He helped Ama up the steps to the quarter-deck. She had not spoken to him since the beating. Indeed he had not seen or heard her speak to any one at all. She seemed to have shut herself off entirely from the outside world. That was not surprising. Such a lashing as Williams had inflicted upon her was a traumatic experience of the first order. As a doctor he could manage the physical recovery; but the healing of the psychic wounds was beyond the compass of his skills.
Does she know that she has lost an eye
? he wondered, as he settled her under the shade of the awning.
The young girl who was her constant companion sat by her side. Butcher put his foot on the gunwale.
“That's the Portuguese island of São Tomé or Saint Thomas as we call it,” he told her. “We are now on the equator. Do you know what the equator is? I learned in school that it is an imaginary line drawn round the earth, âlike the belt about my middle', my teacher told us.”
He mimicked his old teacher's large belly, but either she did not understand his joke or she was just not amused by it.
“I always wondered how it was possible to draw an imaginary line,” he mused. “We are already a few hundred miles into the Atlantic Ocean. Tomorrow, so I am told, we shall sail for the Americas.”
He knelt, lifted her chin and looked her straight in the eye. She looked back, but as if she did not see him.

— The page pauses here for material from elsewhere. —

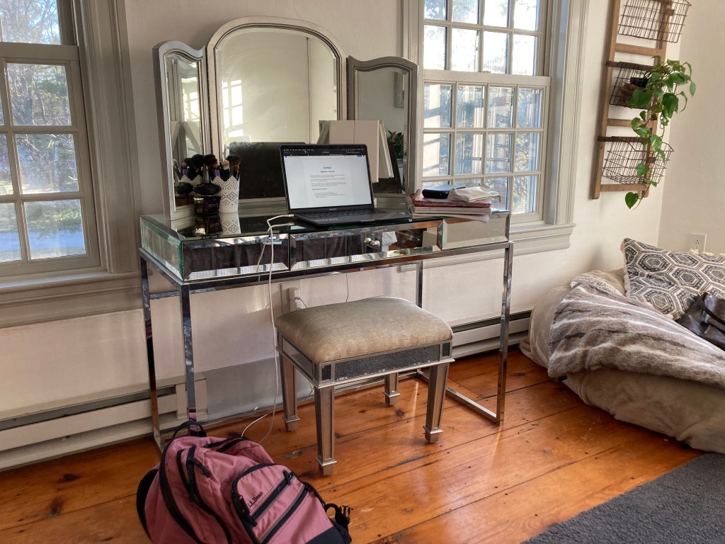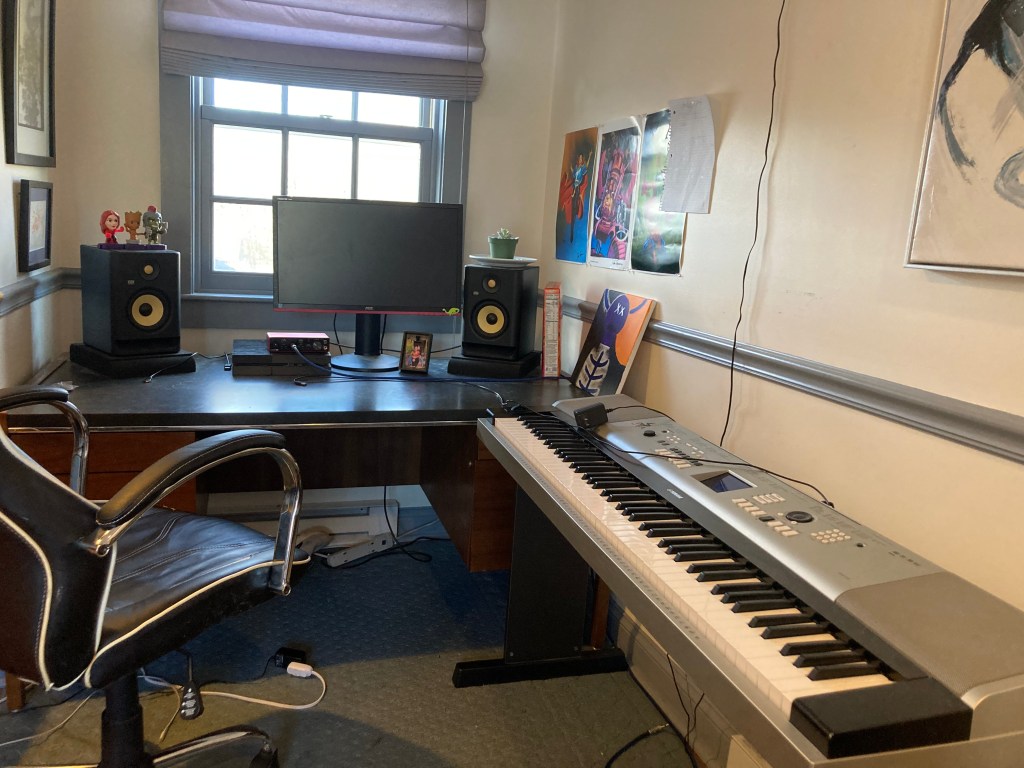 Likewise, everyone in our house has settled in. My son Tristan, taking engineering classes from his bedroom at the University of Massachusetts, has created a desk space that features a keyboard and speakers to accommodate his passion is making/producing hiphop beats between classes.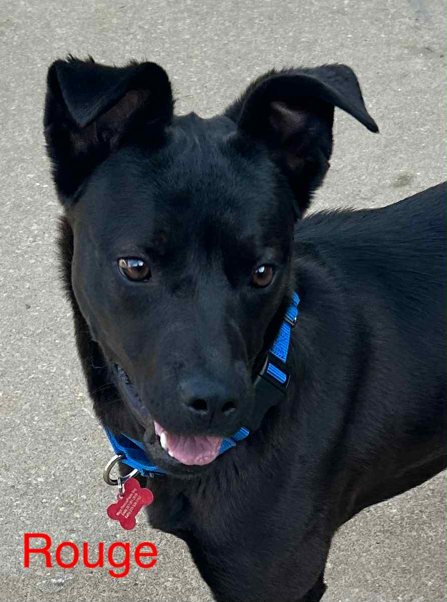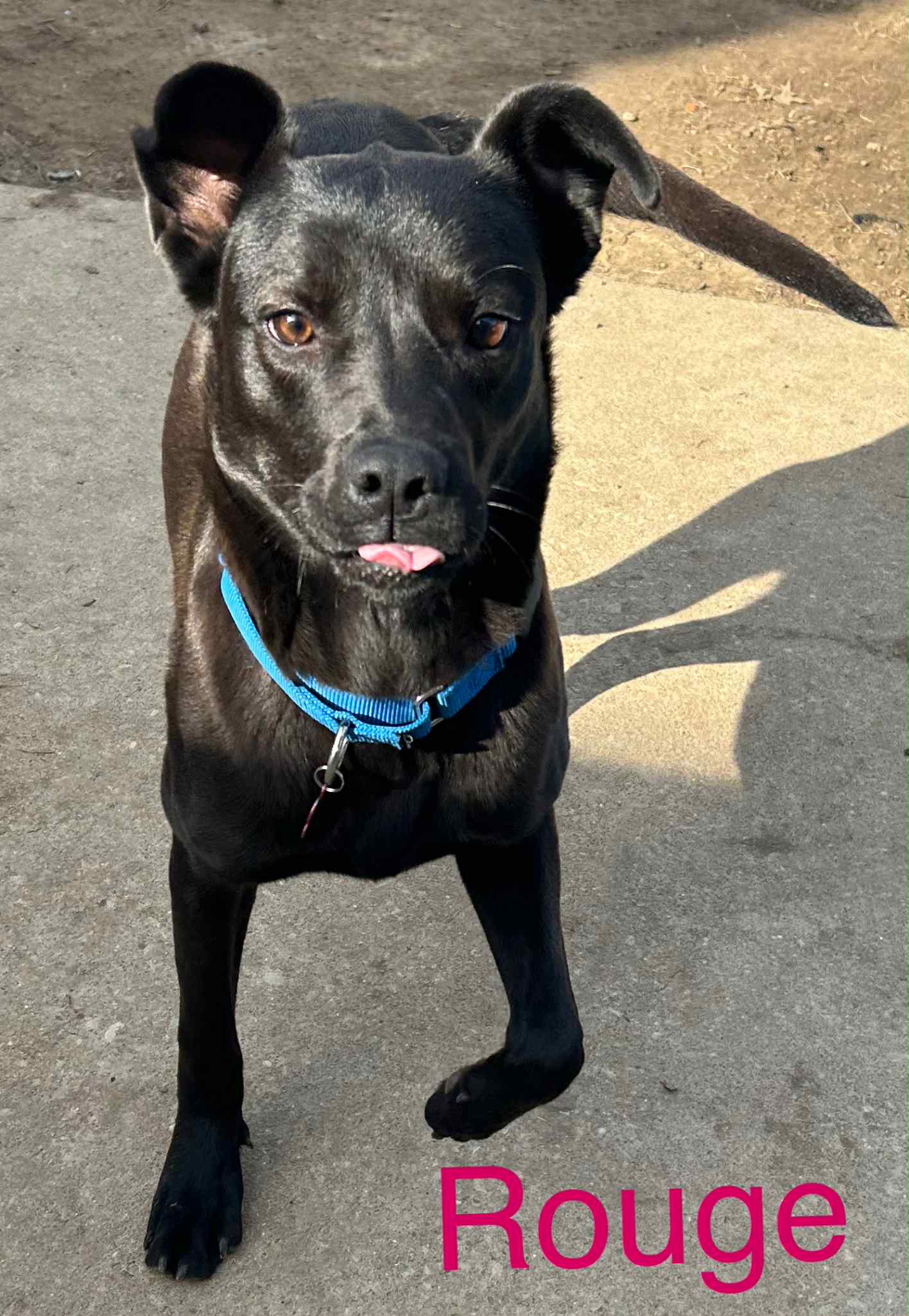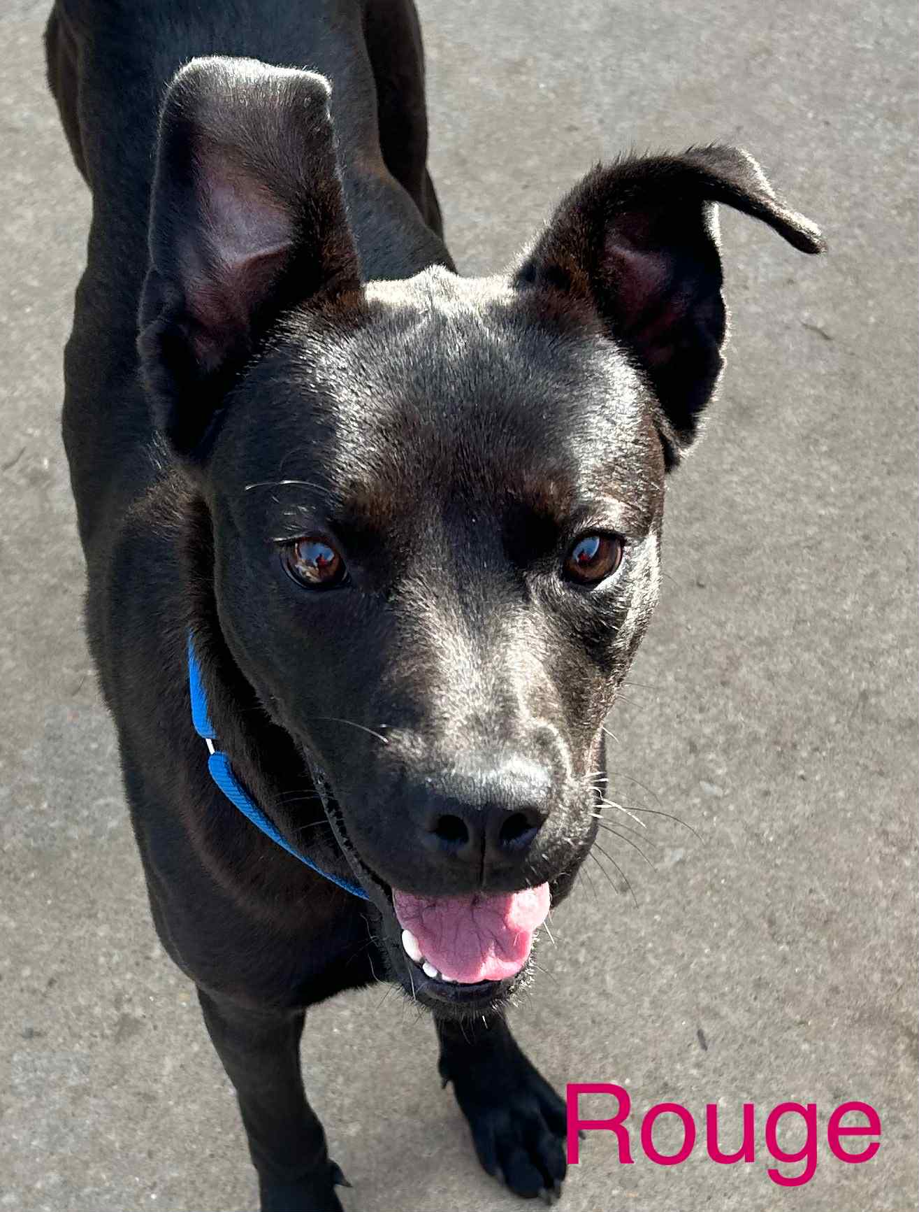 Rouge is a 9-month-old Lab mix with a personality as big as her smile—she might be wearing a blue collar, but don’t let that fool you, she’s a girl through and through! If you want to laugh, play, and enjoy endless puppy shenanigans every single day, Rouge is your girl.

“Is there anything I can get you?”
Sometimes Mijn Heer would use just those same words. Ama shook her head. As she lay in the hold recovering, she had made a resolution that no word of English would ever again pass her lips; and she would not co-operate with any of the whites in any way whatsoever.
She had mixed feelings about Butcher. She knew that he was not a bad man. If it weren't for him she might have died after the beating. But it was also true that he was white and that put him squarely in the camp of the oppressors, whether he liked it or not. She resolved her ambivalence by acknowledging his questions with a nod or a shake of her head, but without speaking. He seemed to accept this, which only served to compound her dilemma. It would be easier to maintain her resolution if the whites were uniformly cruel and insensitive.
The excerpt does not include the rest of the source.